Three Vietnamese individuals in the Birmingham area in England are facing a total jail time of nine years for their involvement in a sophisticated trafficking operation.
Giang Huong Tran, 23, Viet Hoang Nguyen, 30, and Thu Huong Nguyen, 49 were all sentenced by the Stafford Crown Court for modern slavery charges after reportedly trafficking girls as young as 16 and forcing them to work at different salons in the Midlands and South West without pay. Court documents revealed that the victims’ lack of immigration status, age, and social status were used by the accused to exploit them.
Thu Huong Nguyen, who employed two young women to work at Deluxe Nails for 60 hours per week without pay received a five-year sentence. Viet, who is the owner of Gorgeous Nails will be jailed for four years while Giang, her manager, was given a two-year suspended sentence for forced labor.
“The victims worked for no money and were trafficked between nail bars according to demand,” Crown Prosecution Service officer Eran Cutliffe was quoted as saying. “They were hidden from the authorities in order to avoid detection whilst being exploited in plain sight within our society.”
This is reportedly the first time forced labor offenders have been prosecuted from the Vietnamese community, according to IB Times.
“The defendants exploited the vulnerability and immigration status of these victims in order to move them around the UK for their own financial gain,” Cutliffe added.
The National Crime Agency worked with five police agencies including Staffordshire Police and Avon and Somerset Police in an extensive operation that eventually led to the suspects’ arrests in Bath and Burton-on-Trent.
One of the victims, a 16-year-old girl who was reported missing was tracked by the authorities working at Gorgeous Nails in Burton-on-Trent.

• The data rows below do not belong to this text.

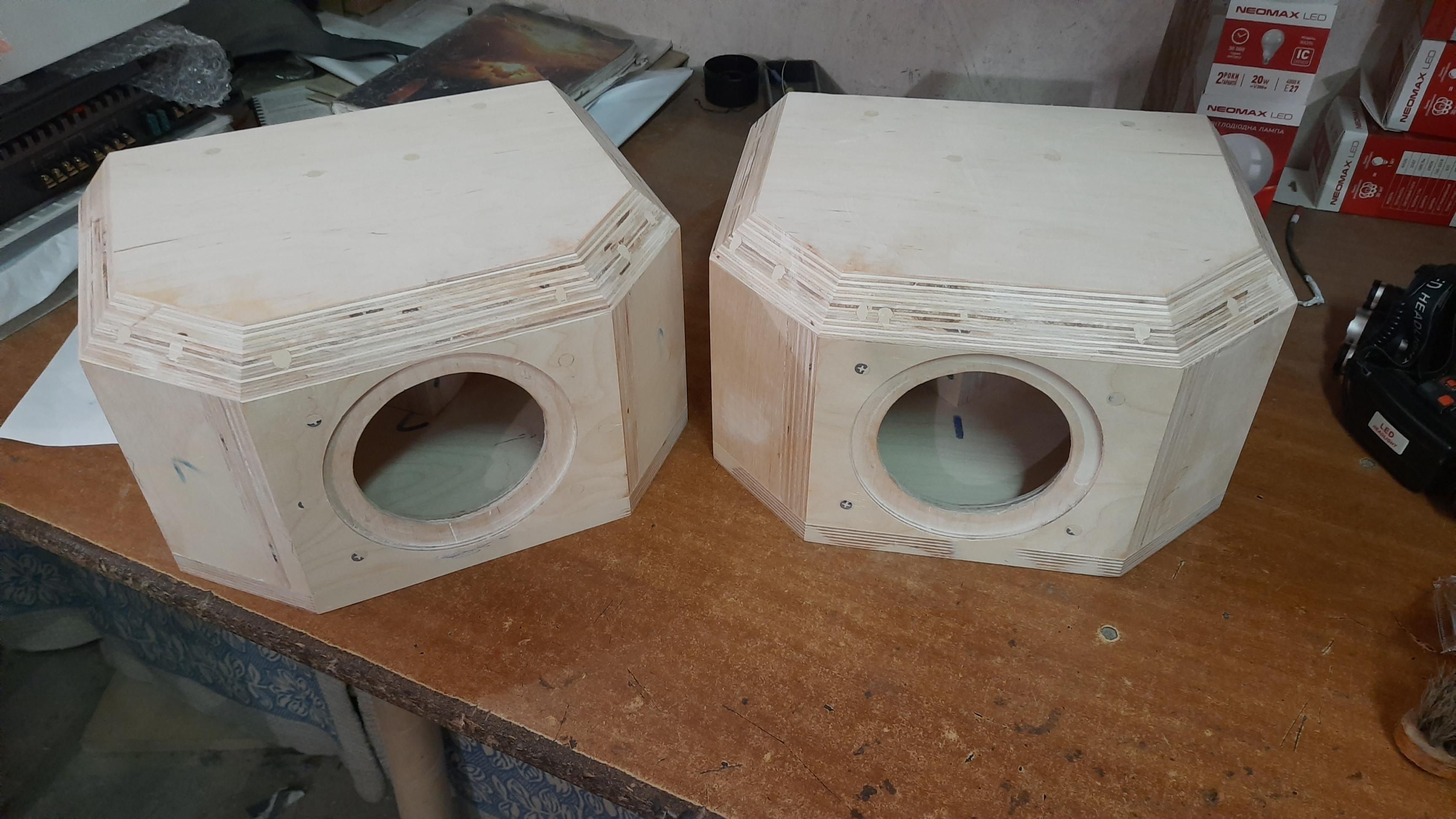 Корпуса наконец то отшлифованы ( крайне сложная и трудоемкая работа) и подготовлены к нанесению шпона. Получена вся комплектация для пасс кроссов. Отслушаны НЧ боксы и на данном этапе принимается вариант ЗЯ, очень достойно звучит... Продолжение выбора вариантов ...после изготовления и стыковки с ВЧ/СЧ секцией.... |
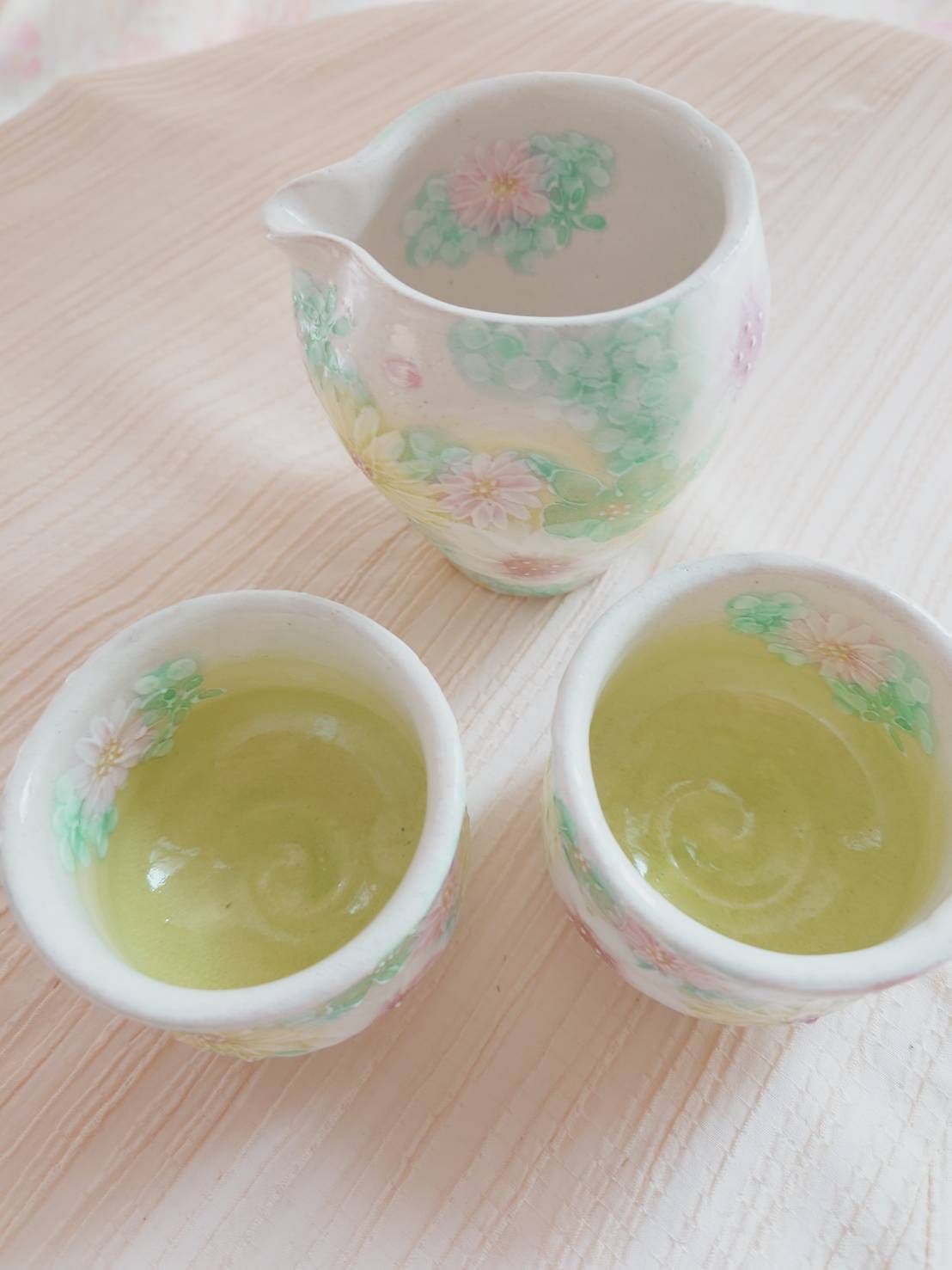 グリーンの繊細な絵柄が大人気の彩小花紋の片口とぐい吞みのセット
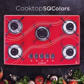 O Cooktop Safenelli vem com 5 queimadores, trempes individuais com borracha, é de fácil instalação, com angulação e encaixe perfeito na mesa, garantindo maior estabilidade das panelas sobre o produto. Para facilitar a limpeza, os botões são removíveis e a mesa selada. Além disso, acendimento super automático aumentam a praticidade no uso deste cooktop. Ideal para sua cozinha!
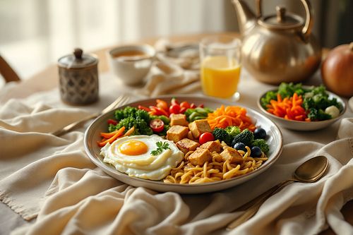 - 아침: 계란, 두부, 요거트, 견과류 등 단백질이 들어간 메뉴를 최소 1가지 추가하기.
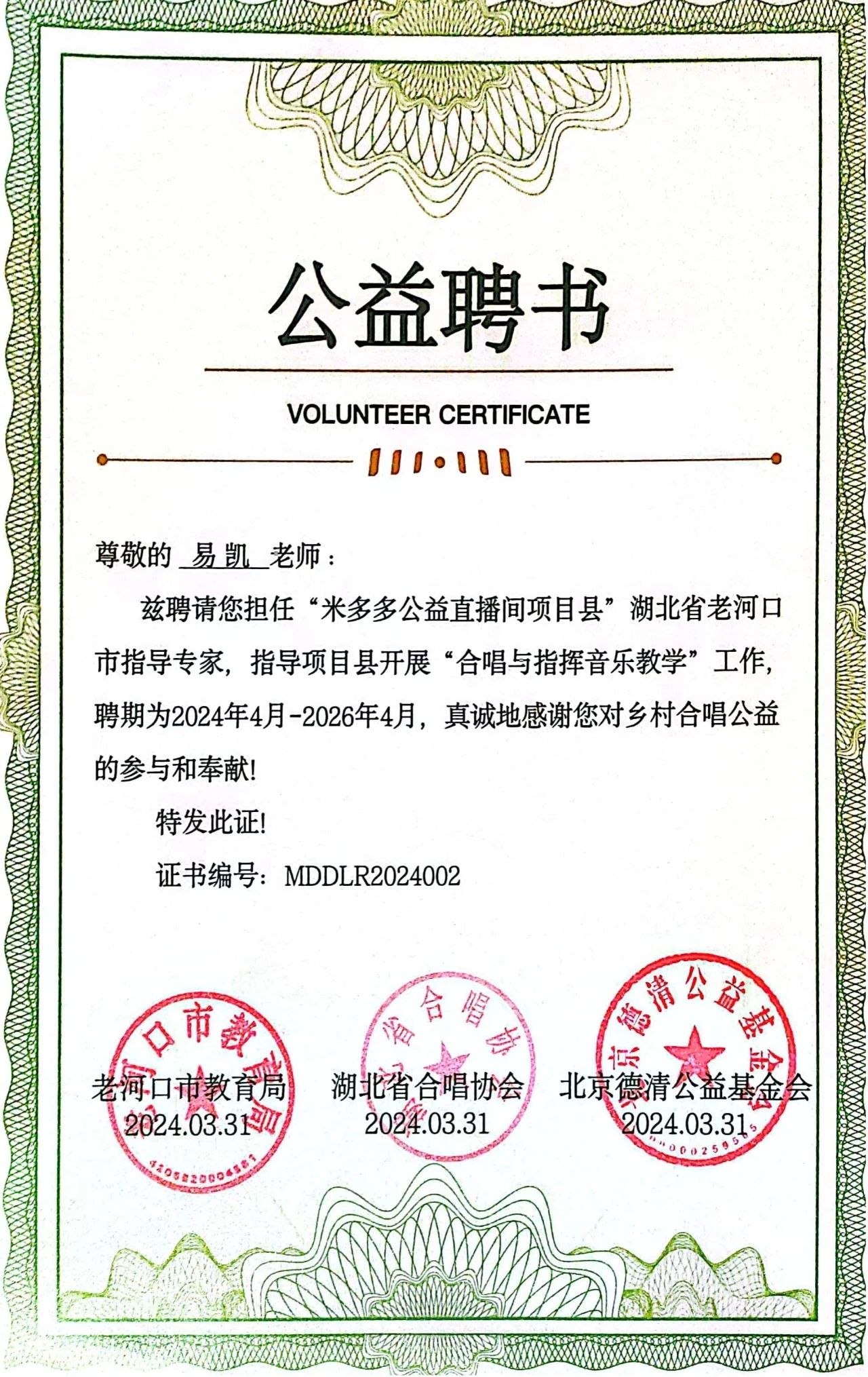 据悉,易凯老师受聘本项目指导专家后,未来将致力于在老河口市推广并实施一系列公益活动,为当地美育建设、校园文化建设贡献力量,让更多的孩子在音乐的海洋中茁壮成长,为乡村中小学的合唱教育与音乐教育注入更多活力与希望。

Two other victims were discovered in the same location.
Deluxe Nails owner Thu was arrested following the arrest of Gorgeous Nails owner Viet and manager Giang. Cash amounting to $81,000 was found hidden inside a teddy bear inside Thu Huong Nguyen’s home in Bath.
“These victims have had traumatic childhoods and were treated by traffickers as commodities – forced to live and work in unsuitable conditions, with little or no pay,”
Avon and Somerset Constabulary Detective Inspector Charlotte Tucker was quoted as saying
. “We’re pleased with the custodial sentences given out today and hope this case acts as a stark reminder of how modern slavery victims are working and living in plain sight.”